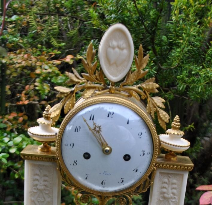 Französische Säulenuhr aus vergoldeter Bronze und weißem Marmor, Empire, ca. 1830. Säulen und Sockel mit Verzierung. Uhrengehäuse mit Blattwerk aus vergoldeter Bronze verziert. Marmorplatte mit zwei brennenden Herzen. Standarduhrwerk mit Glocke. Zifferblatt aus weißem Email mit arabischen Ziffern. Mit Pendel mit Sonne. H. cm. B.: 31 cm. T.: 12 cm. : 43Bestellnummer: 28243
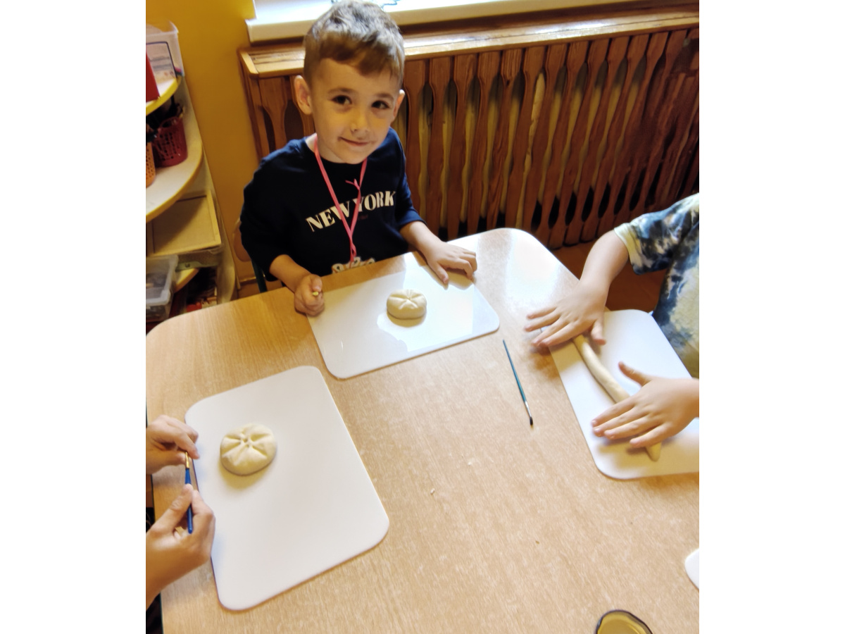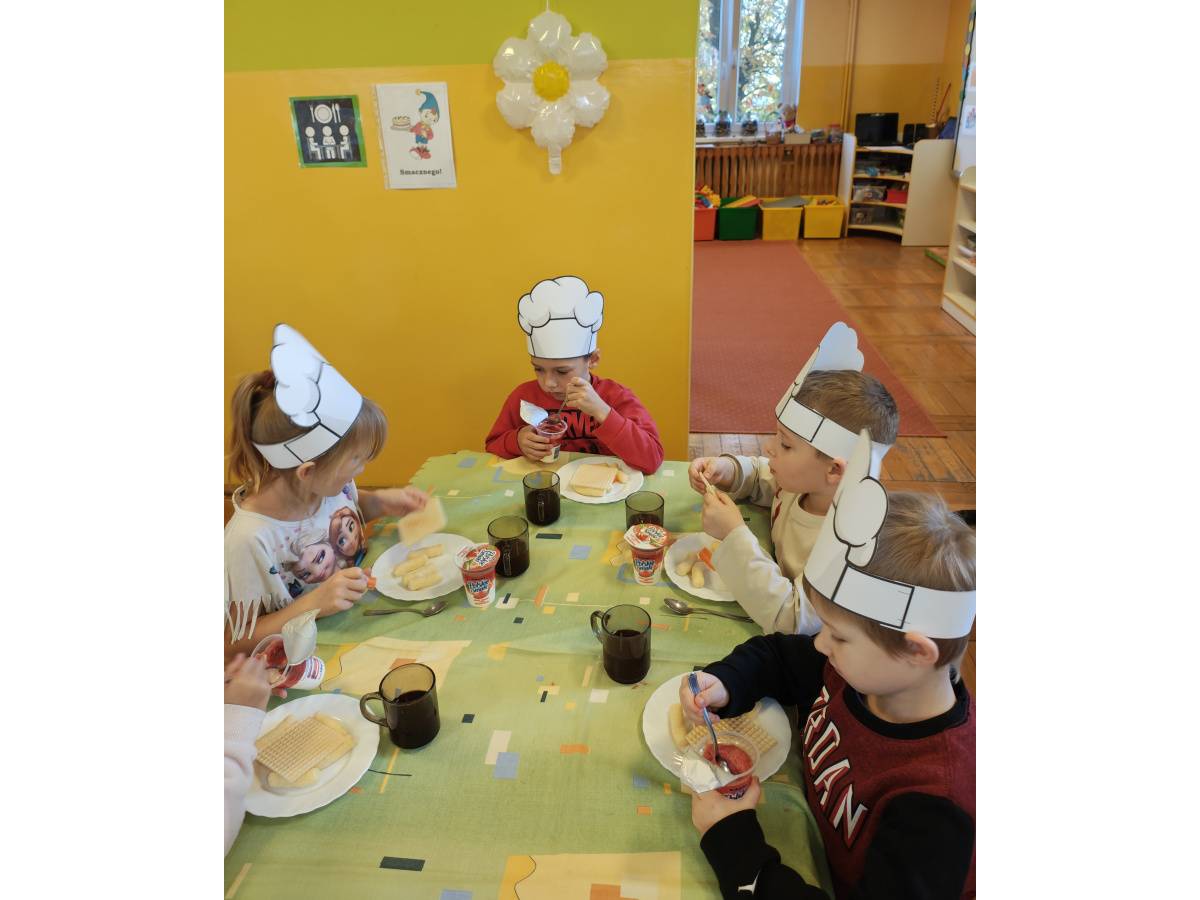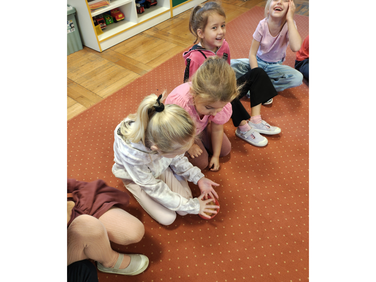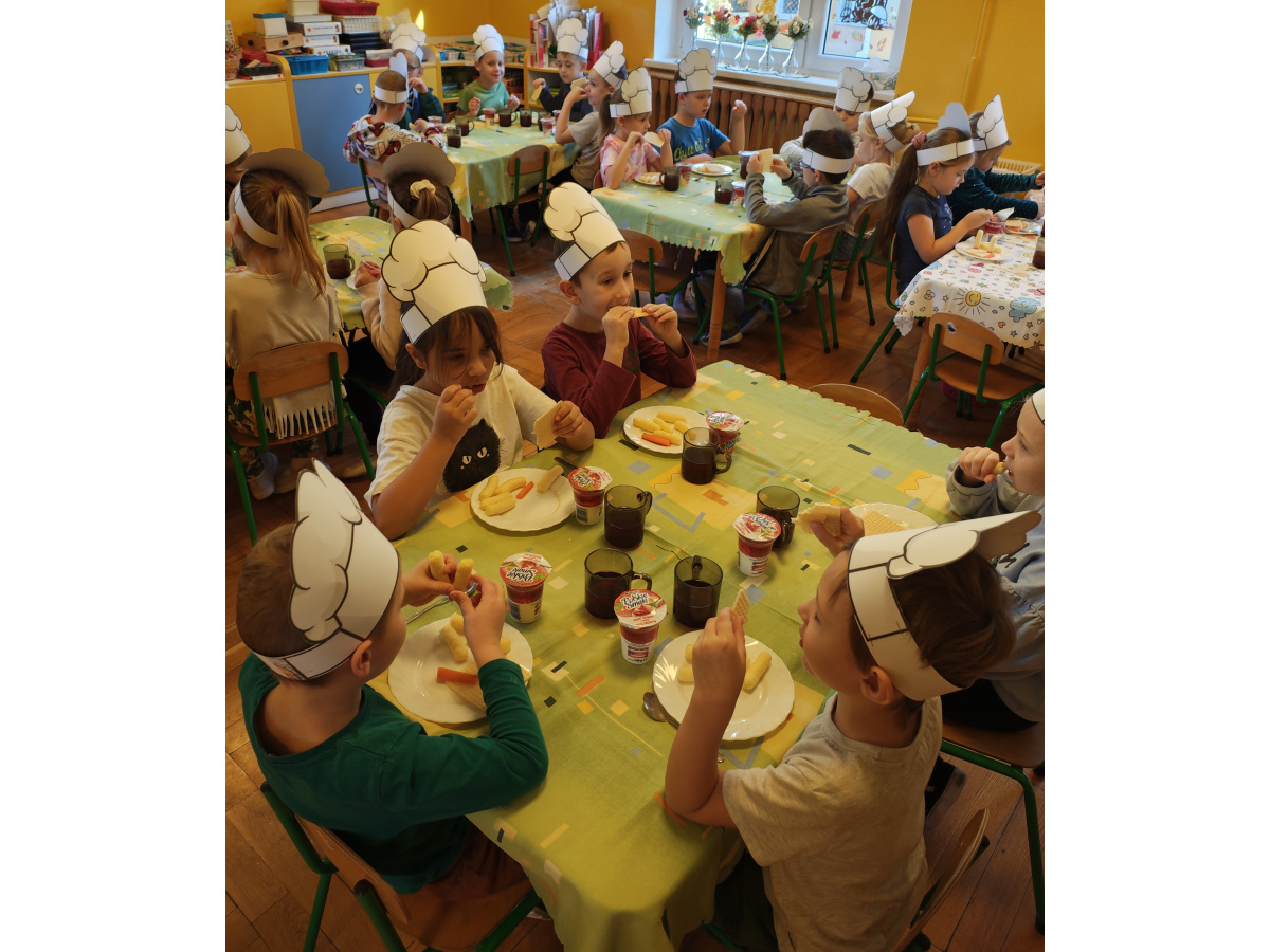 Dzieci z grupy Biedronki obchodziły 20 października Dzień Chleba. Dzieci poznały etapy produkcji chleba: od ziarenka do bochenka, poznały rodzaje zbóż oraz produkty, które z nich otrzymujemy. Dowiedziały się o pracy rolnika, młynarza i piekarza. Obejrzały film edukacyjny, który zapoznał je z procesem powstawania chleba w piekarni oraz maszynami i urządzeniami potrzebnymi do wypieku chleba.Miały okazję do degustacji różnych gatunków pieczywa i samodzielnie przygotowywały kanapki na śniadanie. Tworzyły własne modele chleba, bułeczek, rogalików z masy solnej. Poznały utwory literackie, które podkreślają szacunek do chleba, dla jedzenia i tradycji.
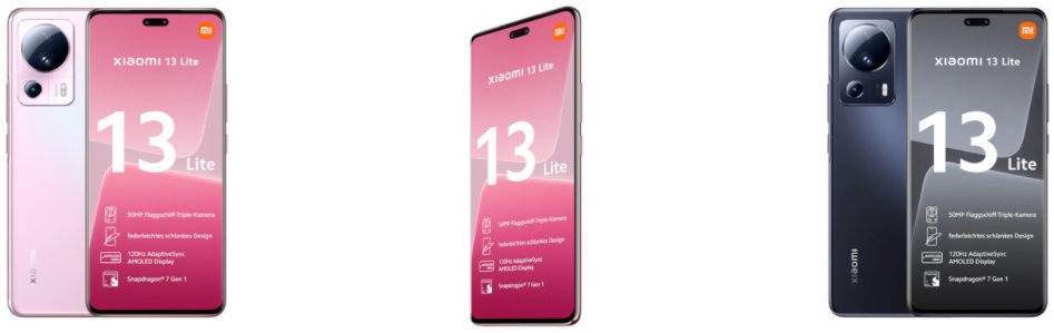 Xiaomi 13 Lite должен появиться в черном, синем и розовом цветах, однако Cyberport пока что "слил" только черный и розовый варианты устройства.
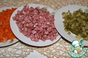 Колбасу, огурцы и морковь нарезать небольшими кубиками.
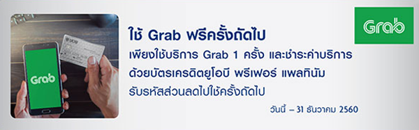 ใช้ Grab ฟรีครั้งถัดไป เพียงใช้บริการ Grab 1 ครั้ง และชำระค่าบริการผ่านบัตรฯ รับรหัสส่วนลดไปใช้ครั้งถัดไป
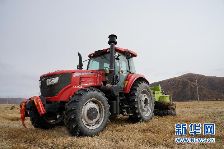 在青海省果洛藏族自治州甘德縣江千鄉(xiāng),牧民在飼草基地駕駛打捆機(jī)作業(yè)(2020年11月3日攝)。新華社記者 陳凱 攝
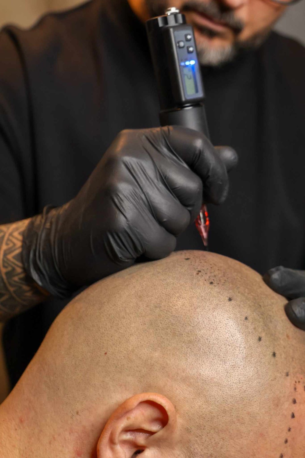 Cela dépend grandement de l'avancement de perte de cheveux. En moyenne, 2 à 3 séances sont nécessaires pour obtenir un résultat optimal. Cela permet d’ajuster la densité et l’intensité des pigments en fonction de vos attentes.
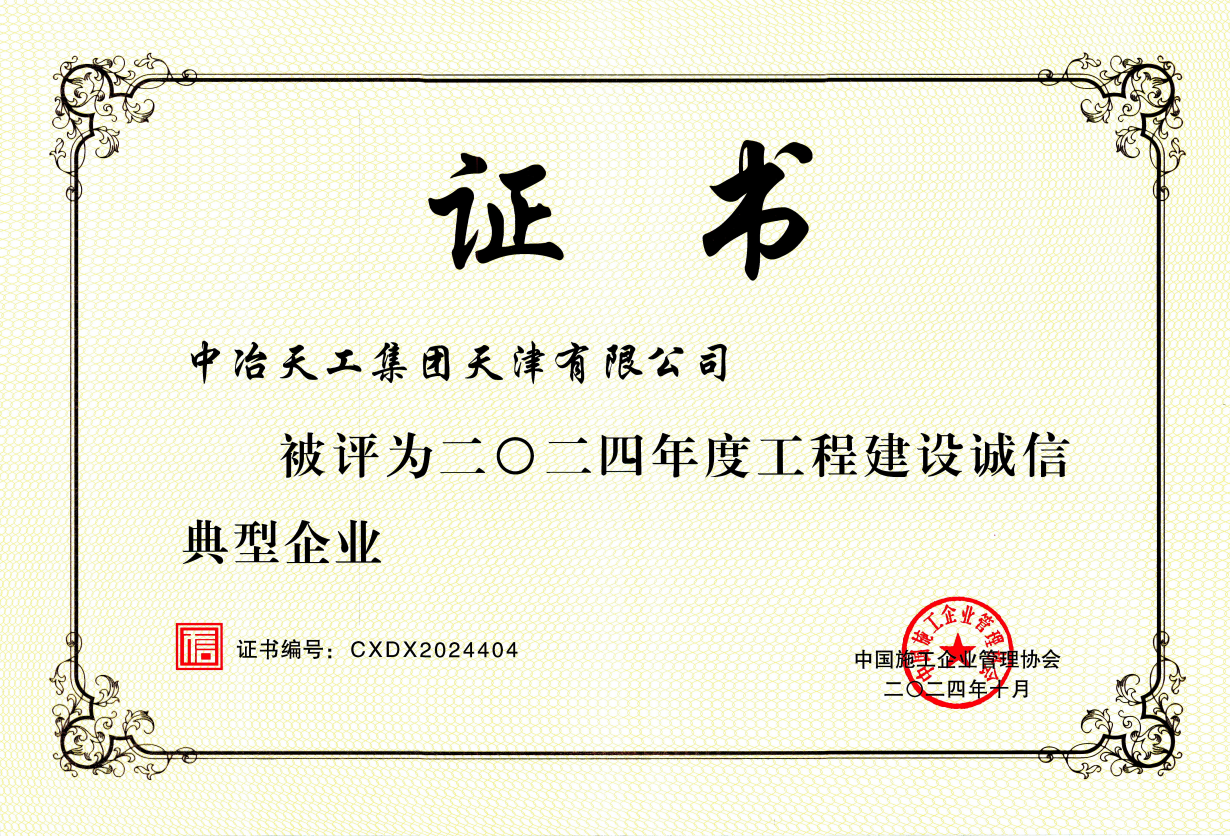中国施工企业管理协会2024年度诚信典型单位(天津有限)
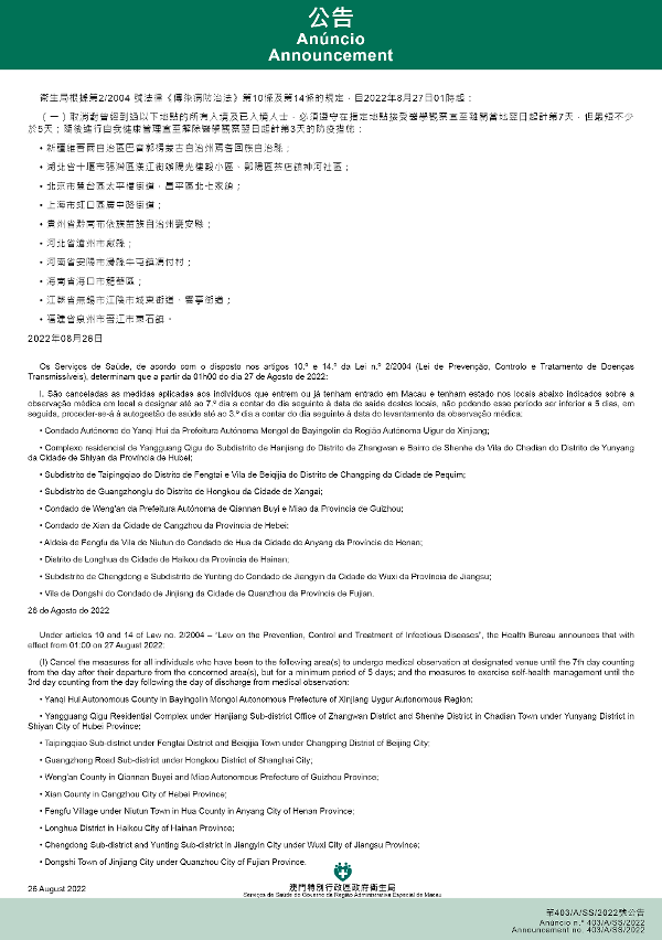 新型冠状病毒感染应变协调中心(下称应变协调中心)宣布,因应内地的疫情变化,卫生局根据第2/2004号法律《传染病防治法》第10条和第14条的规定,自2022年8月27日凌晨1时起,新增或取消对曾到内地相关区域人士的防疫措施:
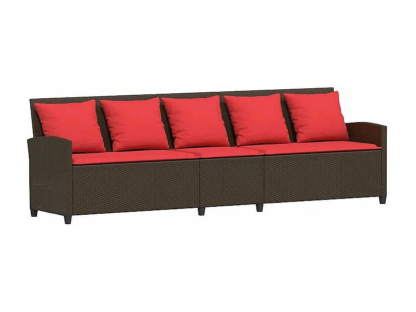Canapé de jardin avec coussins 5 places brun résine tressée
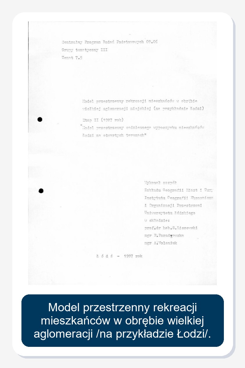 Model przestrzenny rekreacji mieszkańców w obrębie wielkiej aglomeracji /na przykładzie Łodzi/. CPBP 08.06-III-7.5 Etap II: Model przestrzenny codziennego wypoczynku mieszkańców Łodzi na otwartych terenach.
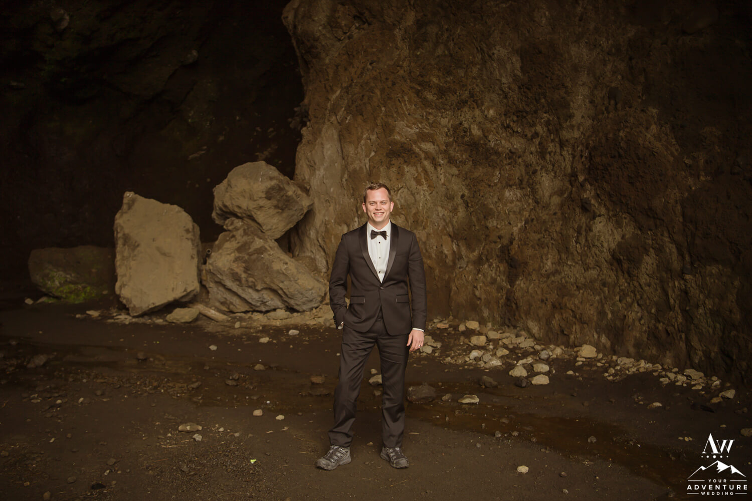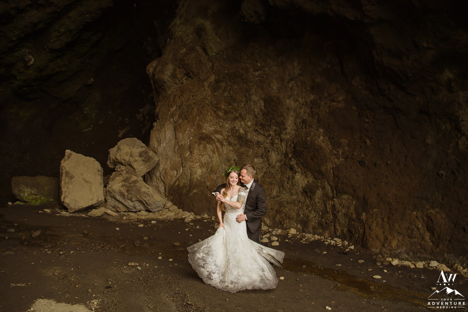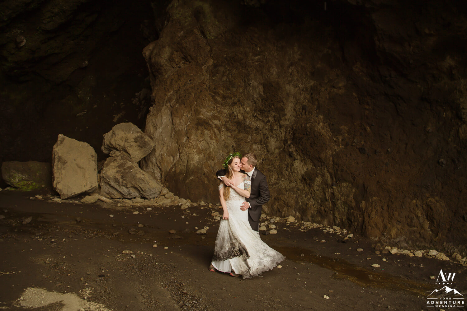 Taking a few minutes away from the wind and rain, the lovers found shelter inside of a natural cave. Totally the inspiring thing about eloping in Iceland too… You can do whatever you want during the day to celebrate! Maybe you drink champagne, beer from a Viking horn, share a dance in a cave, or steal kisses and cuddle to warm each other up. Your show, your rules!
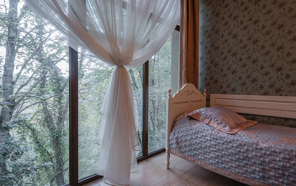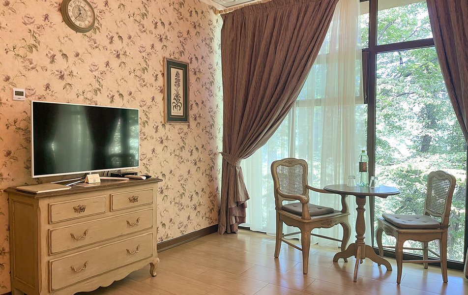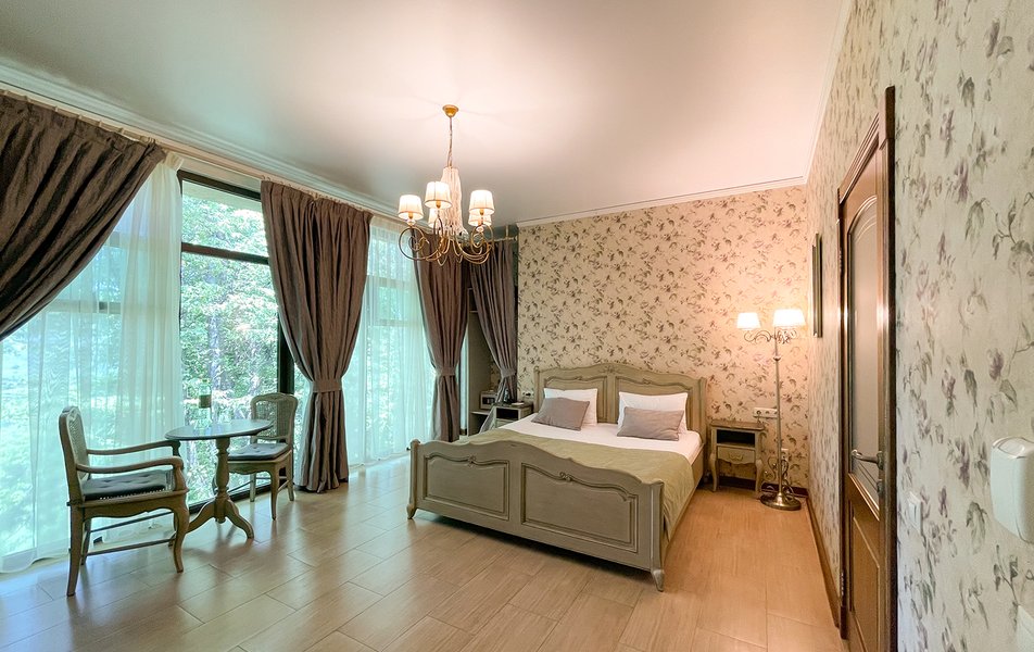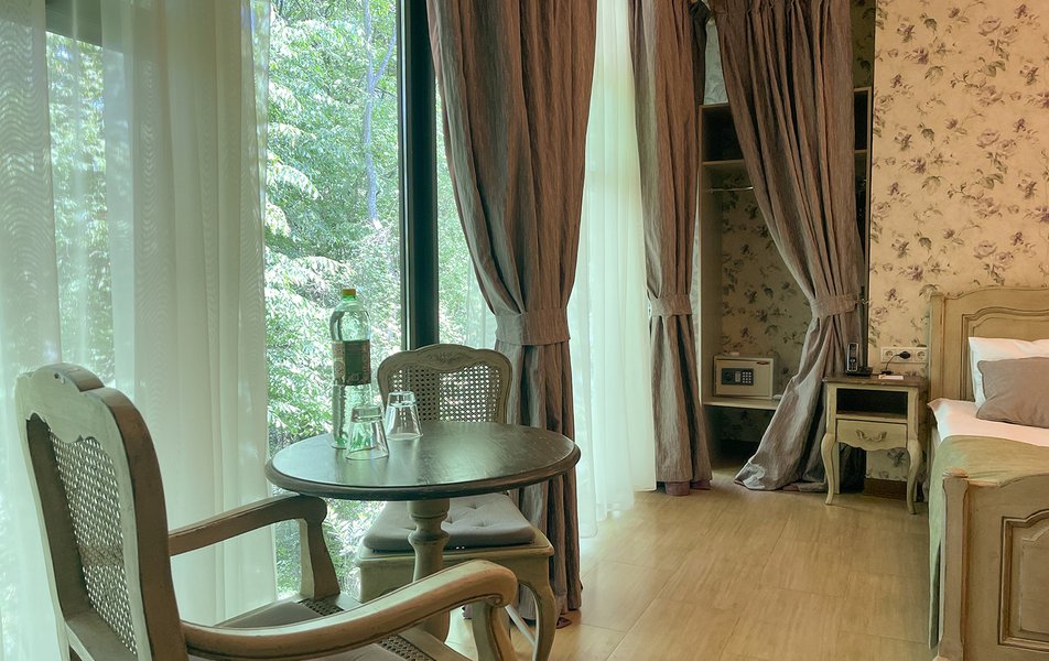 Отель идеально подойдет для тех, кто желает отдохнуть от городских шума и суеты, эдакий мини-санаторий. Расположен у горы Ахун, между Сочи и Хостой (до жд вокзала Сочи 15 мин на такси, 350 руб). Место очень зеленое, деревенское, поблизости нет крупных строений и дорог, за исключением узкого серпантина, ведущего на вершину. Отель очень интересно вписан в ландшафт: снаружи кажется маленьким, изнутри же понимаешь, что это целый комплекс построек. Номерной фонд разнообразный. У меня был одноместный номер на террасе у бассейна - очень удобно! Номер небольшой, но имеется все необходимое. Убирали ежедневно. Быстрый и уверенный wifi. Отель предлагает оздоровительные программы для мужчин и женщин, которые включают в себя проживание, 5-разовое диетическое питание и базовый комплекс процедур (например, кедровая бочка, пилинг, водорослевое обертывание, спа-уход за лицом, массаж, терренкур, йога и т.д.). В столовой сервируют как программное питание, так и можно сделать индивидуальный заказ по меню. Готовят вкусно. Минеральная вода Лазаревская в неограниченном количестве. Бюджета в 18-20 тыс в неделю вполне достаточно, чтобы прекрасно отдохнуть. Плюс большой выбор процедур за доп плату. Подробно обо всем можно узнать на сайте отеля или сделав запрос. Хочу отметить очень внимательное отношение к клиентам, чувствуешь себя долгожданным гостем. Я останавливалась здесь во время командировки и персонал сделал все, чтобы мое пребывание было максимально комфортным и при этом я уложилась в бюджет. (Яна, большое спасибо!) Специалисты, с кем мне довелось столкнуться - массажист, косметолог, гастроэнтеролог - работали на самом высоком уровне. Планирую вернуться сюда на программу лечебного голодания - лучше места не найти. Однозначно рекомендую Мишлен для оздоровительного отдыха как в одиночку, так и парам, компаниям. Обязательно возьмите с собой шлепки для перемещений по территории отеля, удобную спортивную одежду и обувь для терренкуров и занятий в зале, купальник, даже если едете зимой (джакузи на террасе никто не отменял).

####################

Work task – Your answer must be the lines from the opening line of the entries through the line holding "Model przestrzenny rekreacji", written out exactly and without any picture.

Task output –
 Französische Säulenuhr aus vergoldeter Bronze und weißem Marmor, Empire, ca. 1830. Säulen und Sockel mit Verzierung. Uhrengehäuse mit Blattwerk aus vergoldeter Bronze verziert. Marmorplatte mit zwei brennenden Herzen. Standarduhrwerk mit Glocke. Zifferblatt aus weißem Email mit arabischen Ziffern. Mit Pendel mit Sonne. H. cm. B.: 31 cm. T.: 12 cm. : 43Bestellnummer: 28243
 Dzieci z grupy Biedronki obchodziły 20 października Dzień Chleba. Dzieci poznały etapy produkcji chleba: od ziarenka do bochenka, poznały rodzaje zbóż oraz produkty, które z nich otrzymujemy. Dowiedziały się o pracy rolnika, młynarza i piekarza. Obejrzały film edukacyjny, który zapoznał je z procesem powstawania chleba w piekarni oraz maszynami i urządzeniami potrzebnymi do wypieku chleba.Miały okazję do degustacji różnych gatunków pieczywa i samodzielnie przygotowywały kanapki na śniadanie. Tworzyły własne modele chleba, bułeczek, rogalików z masy solnej. Poznały utwory literackie, które podkreślają szacunek do chleba, dla jedzenia i tradycji.
 Xiaomi 13 Lite должен появиться в черном, синем и розовом цветах, однако Cyberport пока что "слил" только черный и розовый варианты устройства.
 Колбасу, огурцы и морковь нарезать небольшими кубиками.
 ใช้ Grab ฟรีครั้งถัดไป เพียงใช้บริการ Grab 1 ครั้ง และชำระค่าบริการผ่านบัตรฯ รับรหัสส่วนลดไปใช้ครั้งถัดไป
 在青海省果洛藏族自治州甘德縣江千鄉(xiāng),牧民在飼草基地駕駛打捆機(jī)作業(yè)(2020年11月3日攝)。新華社記者 陳凱 攝
 Cela dépend grandement de l'avancement de perte de cheveux. En moyenne, 2 à 3 séances sont nécessaires pour obtenir un résultat optimal. Cela permet d’ajuster la densité et l’intensité des pigments en fonction de vos attentes.
中国施工企业管理协会2024年度诚信典型单位(天津有限)
 新型冠状病毒感染应变协调中心(下称应变协调中心)宣布,因应内地的疫情变化,卫生局根据第2/2004号法律《传染病防治法》第10条和第14条的规定,自2022年8月27日凌晨1时起,新增或取消对曾到内地相关区域人士的防疫措施:
Canapé de jardin avec coussins 5 places brun résine tressée
 Model przestrzenny rekreacji mieszkańców w obrębie wielkiej aglomeracji /na przykładzie Łodzi/. CPBP 08.06-III-7.5 Etap II: Model przestrzenny codziennego wypoczynku mieszkańców Łodzi na otwartych terenach.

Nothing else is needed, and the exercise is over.